[Saved data entries]
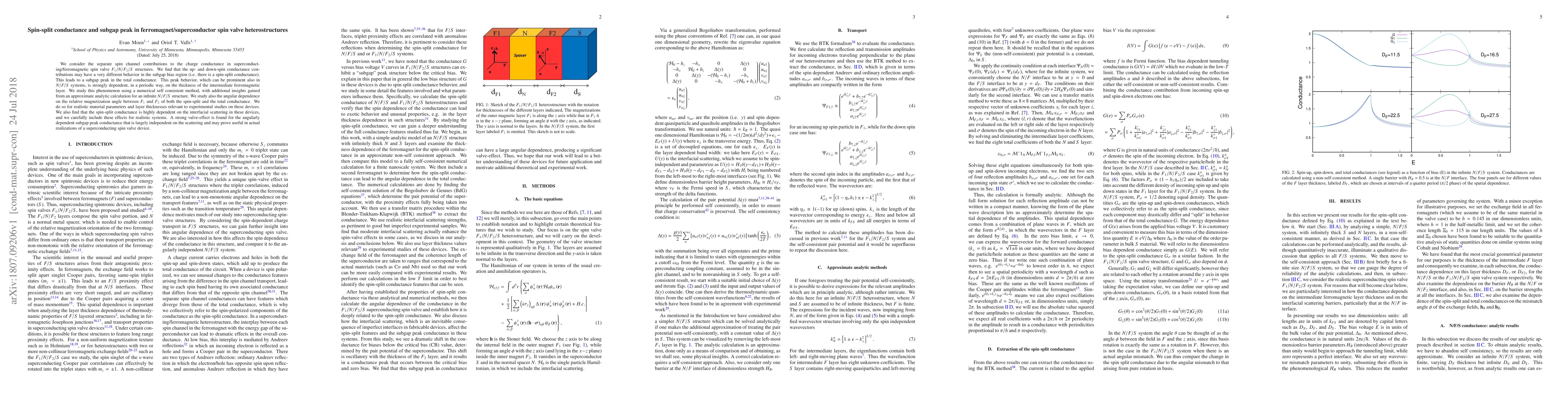 Researchers studied spin-split conductance in ferromagnet/superconductor spin valve heterostructures and found a subgap peak that depends on the thickness of the intermediate layer and is influenced by interfacial scattering.
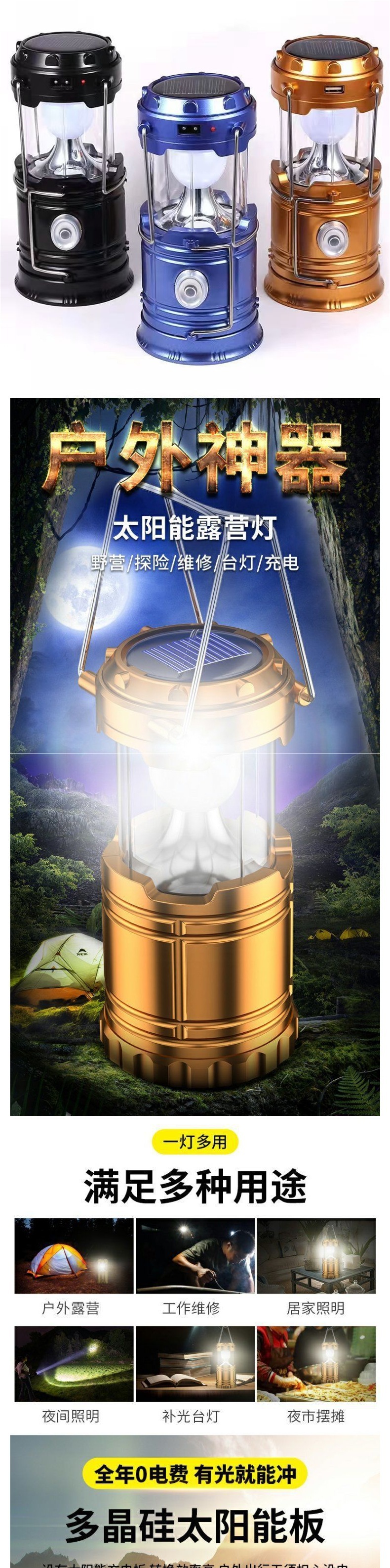 戶外照明燈野營露營燈通用型可攜式旅行帳篷營地拉伸式太陽能馬燈
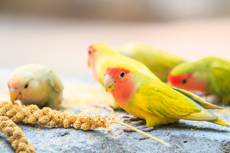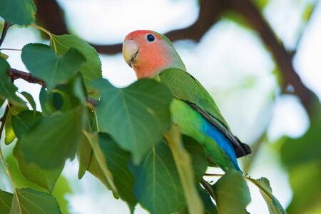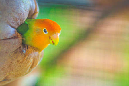 cute bird lovebirds or parrot are perched on a tree branch. This bird which is used as a symbol of true love has the scientific name Agapornis fischeri, bird background
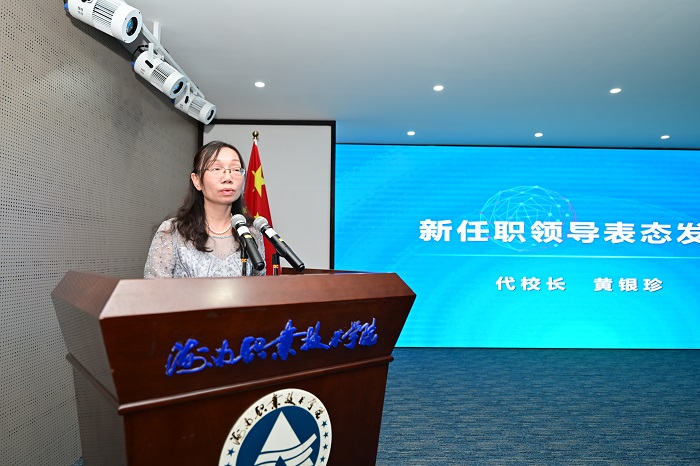 代校長黃銀珍隨后作任職表態(tài)發(fā)言,她表示將不負(fù)學(xué)校董事會和全體教職員工的重托,認(rèn)真履職盡責(zé),廉潔自律、解放思想、團(tuán)結(jié)帶領(lǐng)海職院走向更美好的明天。副校長李琳娜和符興干也分別表示將在黃銀珍代校長的帶領(lǐng)下,認(rèn)真履行崗位職責(zé),全力做好分管工作,共同推動學(xué)校發(fā)展再上新臺階。
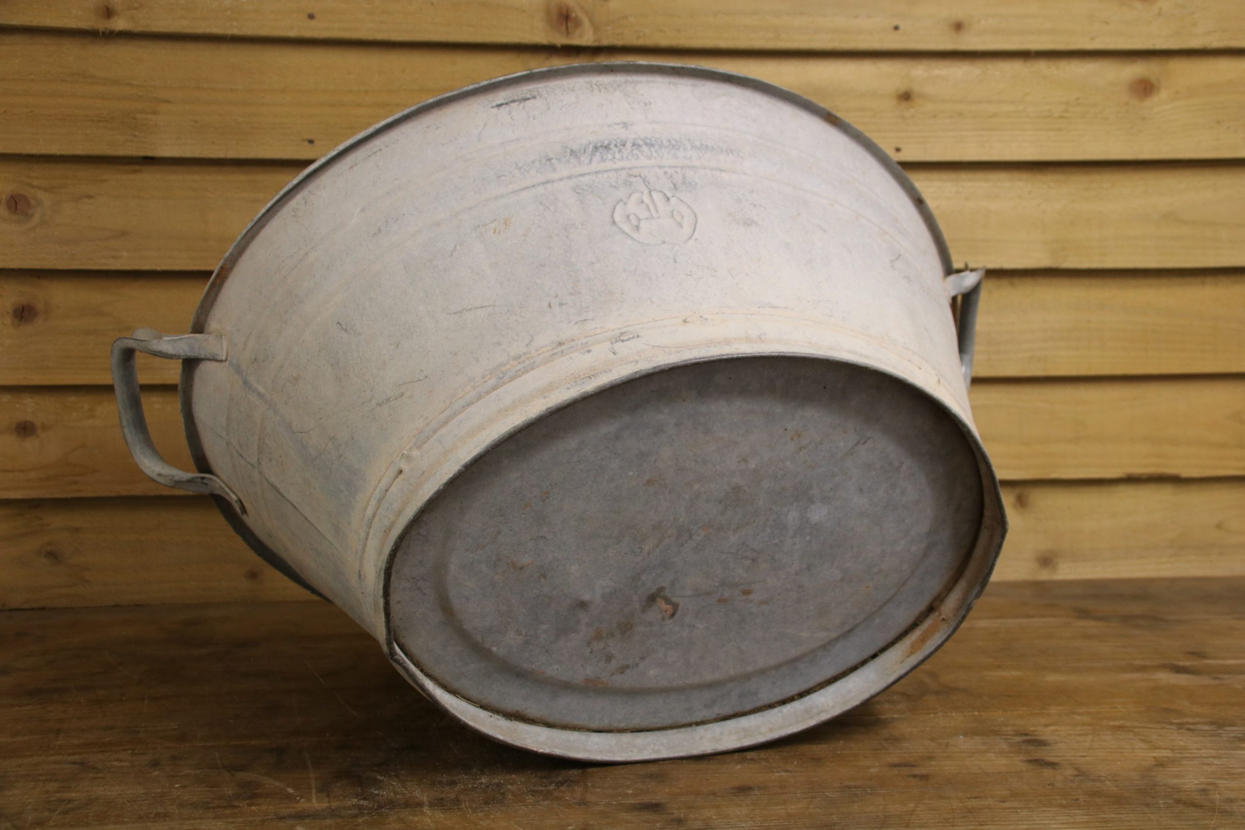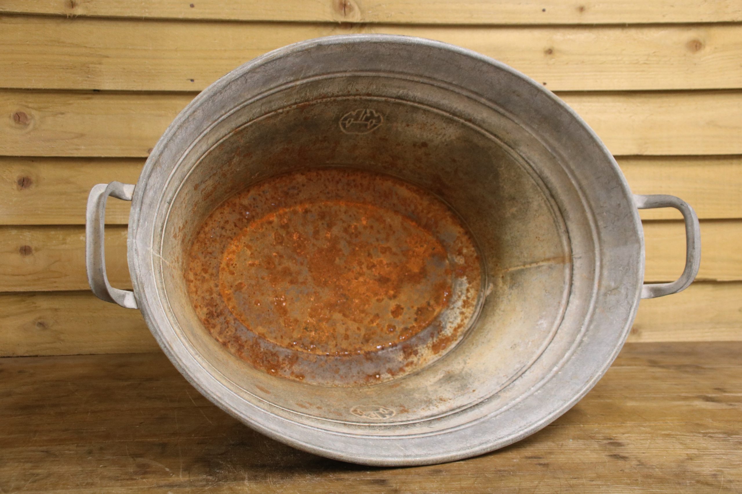 The tub is in very good condition with a few marks and stains due to age. It has two handles and there is some top rust inside.
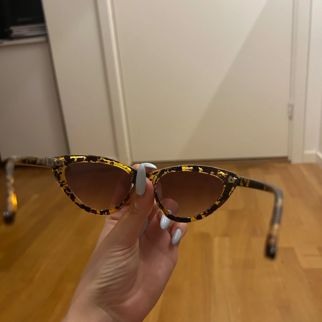 Snygga solglasögon i cat eye-modell med leopardmönstrad båge och bruna glas. Minns inte vart dem är köpta, förmodligen HM eller Glitter 🩷
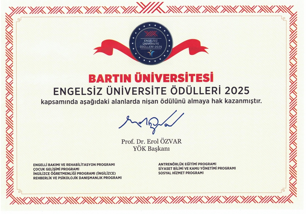 Yükseköğretim Kurulu (YÖK) tarafından üniversitelerde engelsiz bir ekosistemin oluşturulmasını teşvik etmek amacıyla “Engelsiz Üniversite Bayrakları ve Program Nişanı Ödül Töreni” düzenlendi. Törende, engelsiz üniversite ve erişilebilir kampüs anlayışıyla önemli çalışmaların yapıldığı Bartın Üniversitesinin (BARÜ) 7 programı “Engelsiz Üniversite Program Nişanı” aldı. Böylece BARÜ, en çok nişan alan ilk 7 yükseköğretim kurumu arasında yer alırken engelsiz ve erişilebilir üniversite vizyonunu bir kez daha tescilledi. Fakültemiz Siyaset Bilimi ve Kamu Yönetimi Bölümü, erişilebilir ve kapsayıcı eğitim anlayışı doğrultusunda yaptığı çalışmalar ile “Engelsiz Üniversite Program Nişanı” almaya hak kazandı.
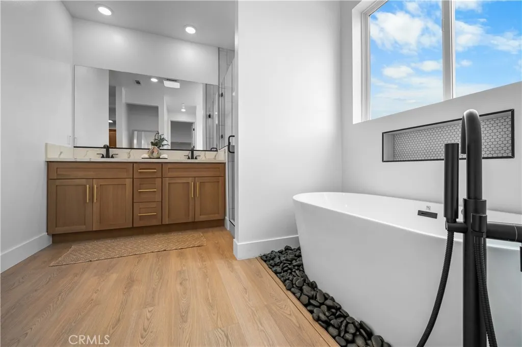 Discover your dream home in Desert Hot Springs, CAa stunning oasis with breathtaking mountain views and modern features that elevate your lifestyle. Step inside to an open floor plan with 9-foot ceilings and recessed lighting, creating an airy atmosphere perfect for relaxation and entertainment. The spectacular kitchen is a culinary enthusiast's dream, featuring white oak cabinets, quartz countertops, and a spacious island, all equipped with Samsung appliances. The luxurious master suite boasts a modern soaking tub with chic black stone detail, offering a spa-like experience. Stay comfortable with a 4-ton, 16 SEER central heat pump HVAC system, energy-efficient windows, and PAID OFF SOLAR for sustainability. Enjoy a spacious lot with RV parking, just minutes from Palm Springs. Perfect as a primary residence or vacation rental, this modern haven awaits your arrival!
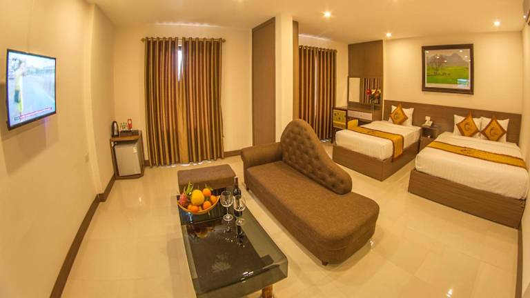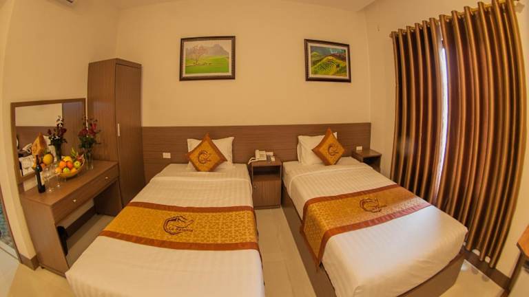 Das La Paloma Hotel Ninh Binh bietet 3-Sterne-Unterkünfte in einer günstigen Lage in Ninh Binh. Mit einer 24-Stunden-Rezeption, einem Restaurant und einem Kinderspielplatz ist dieses Hotel ideal für einen angenehmen Aufenthalt. Die Zimmer sind komfortabel eingerichtet und verfügen über ein eigenes Bad. Genießen Sie das Frühstück im Hotel und nutzen Sie die Annehmlichkeiten wie das Businesscenter und die Bar. Die Sehenswürdigkeiten wie der Bai-Dinh-Tempel und die Kathedrale Phat Diem sind in der Nähe.
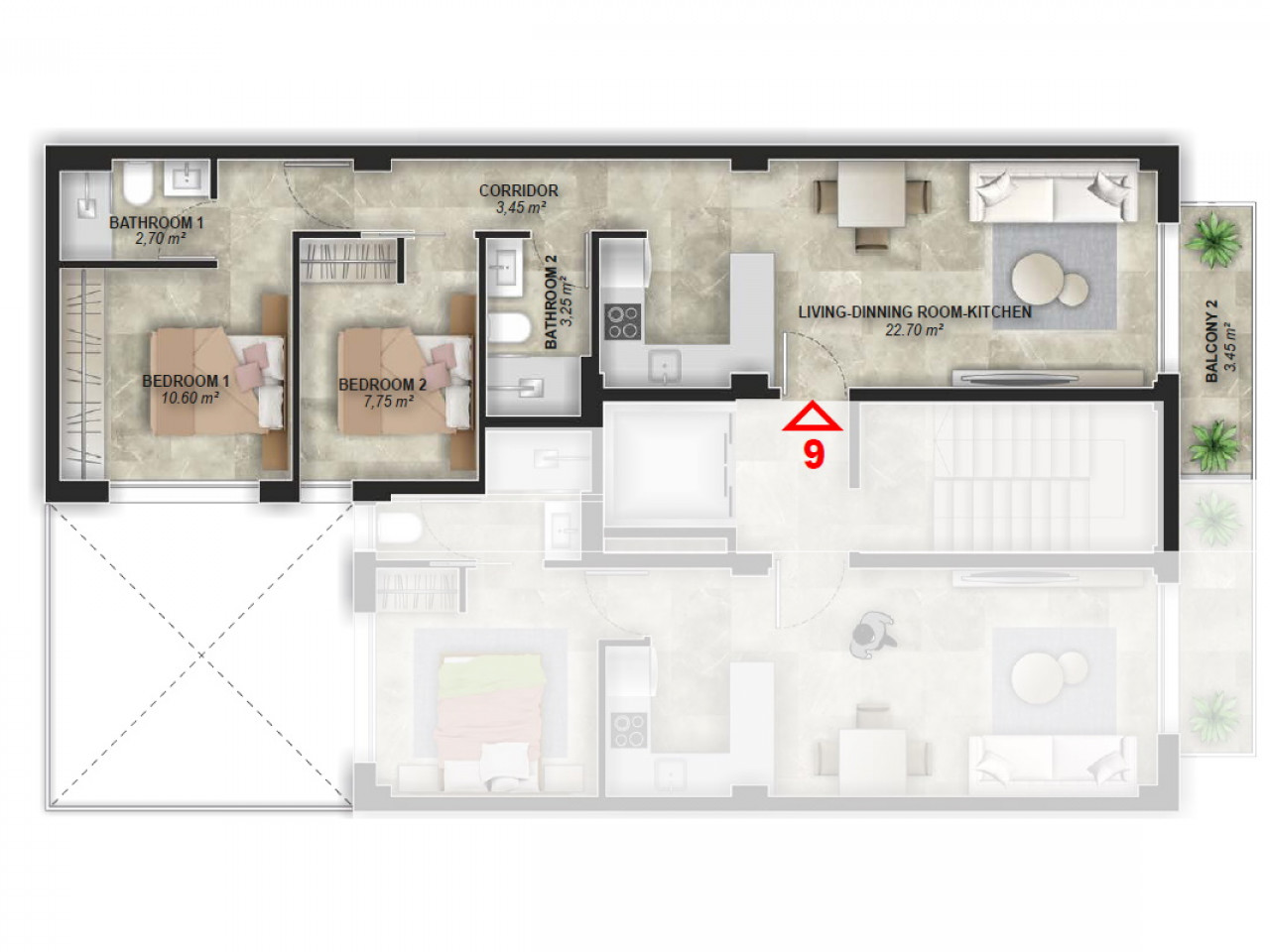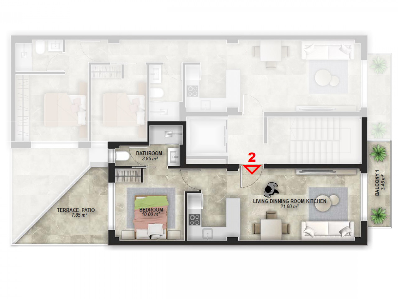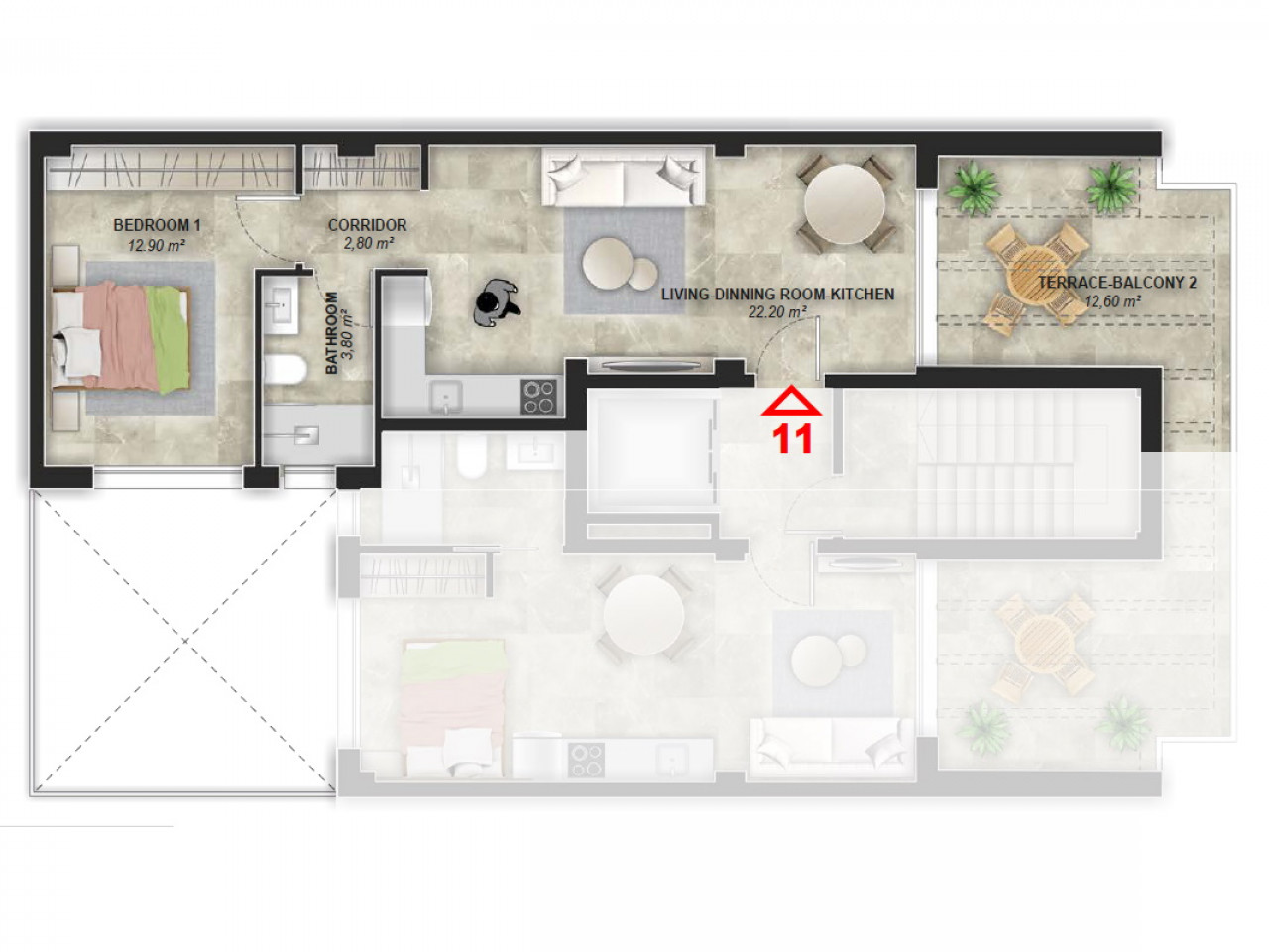 Kompleksą sudaro studijos, vieno miegamojo ir dviejų miegamųjų apartamentai su atitinkamai vienu ir dviem vonios kambariais. Jie idealiai tinka ne tik atostogų nuomai, bet ir gyvenimui ištisus metus. Kiekvienas butas pilnai įrengtas ir paruoštas įsikelti, įskaitant sandėliavimo patalpą pirmame pastato aukšte.
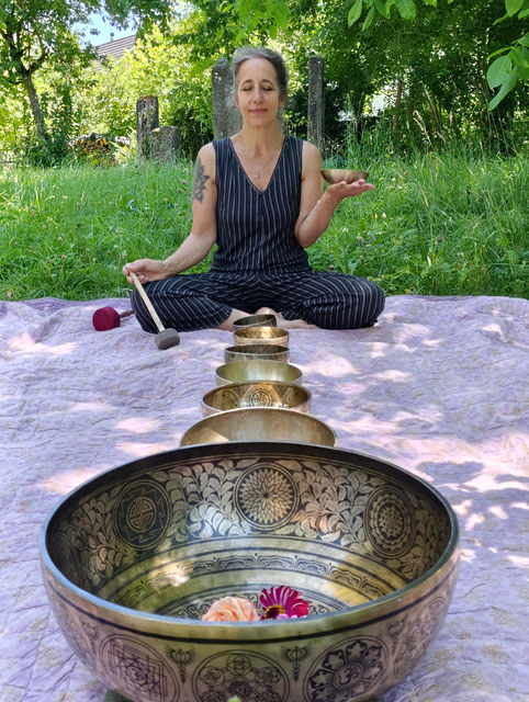 Die Klänge und Schwingungen von Klangschalen, Gongs und anderen Instrumenten können dich schnell in einen tief entspannten Zustand bringen. Das Nervensystem beruhigt sich und die Energie kommt
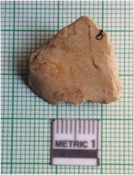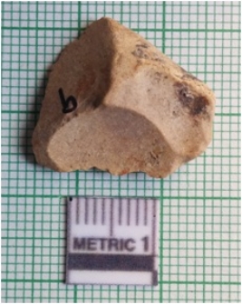 | Description / विवरण | The chert piece has flaked sides and sharp cutting edges due unintentional flaking. The piece has a rough surface on the non flaked end. |
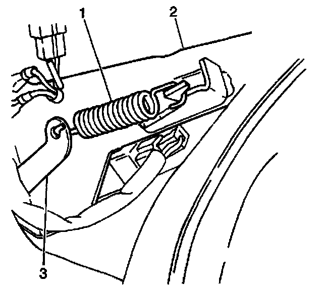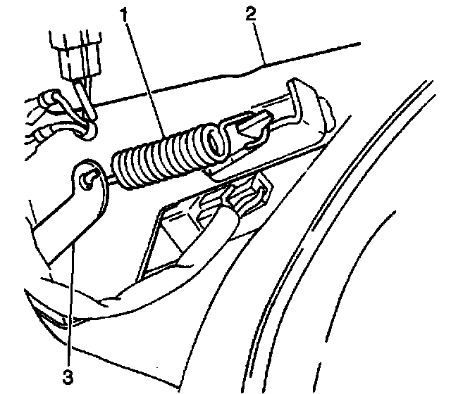 2. Remove the clutch pedal return spring (1) from the brake pedal bracket (2).

▶ **Exercise**:
Give exactly the lines above that run from the line with "The tub is in" to the line with "Snygga solglasögon i", both included, leaving every picture out.

▶ **Answer area**:
 The tub is in very good condition with a few marks and stains due to age. It has two handles and there is some top rust inside.
 Snygga solglasögon i cat eye-modell med leopardmönstrad båge och bruna glas. Minns inte vart dem är köpta, förmodligen HM eller Glitter 🩷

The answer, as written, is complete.